Farmers and Fishermen: Two Centuries of Work in Essex County, Massachusetts, 1630–1850
- Author: Daniel Vickers
- Language: English
- Series: New Edition
- Genre: Historical, Non-Fiction
- Publisher: Omohundro Institute and University of North Carolina Press
- Publication date: December 31st 1994
- Media type: Paperback
- Pages: 372
- ISBN: 978-0807844588

= Farmers and Fishermen: Two Centuries of Work in Essex County, Massachusetts, 1630–1850 =

Economics publication

Farmers and Fishermen: Two Centuries of Work in Essex County, Massachusetts, 1630–1850 is a book by Canadian historian Daniel Vickers, first published in 1994. It analyzes and contrasts the economic roles of farmers and fishermen in early New England communities.

It won the 1995 John H. Dunning Prize as well as the 1994–95 Louis Gottschalk Prize from the American Society for Eighteenth-Century Studies.

== Content ==

In the book, Vickers examines how a patriarchal system that relied on the unpaid labor of dependent sons transitioned gradually to an economic system in which these sons found work outside of the family farm.

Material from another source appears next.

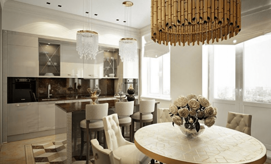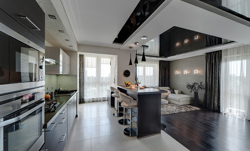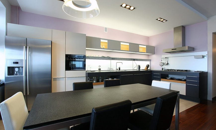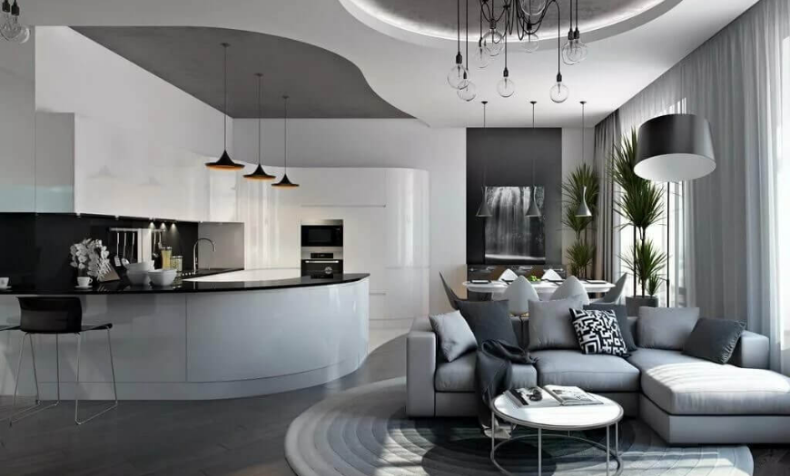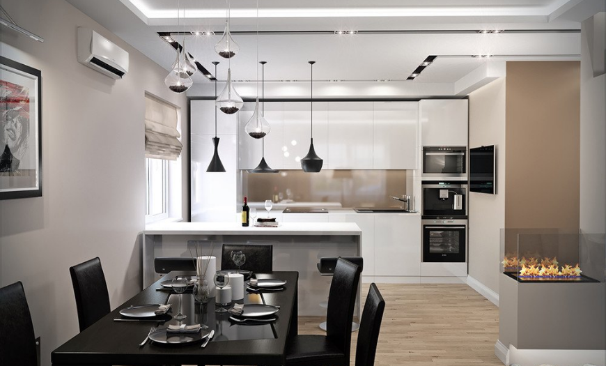 Особенность – акцент по центру помещения. Можно сделать там обеденную группу или диван, а также дополнительное освещение. В таком дизайне актуально будет смотреться ступенчатый потолок, мраморный пол, фартук черно-белого окраса и стулья в форме геометрических фигур.

For fishermen, he explores the shift from client-patron economic relations to a free market system, noting the difficulties fishermen faced in achieving economic independence in both systems.

== In popular culture ==
In the 1997 film Good Will Hunting, the title character cites page 98 of the book during a history-of-economics debate in a Harvard Square barroom.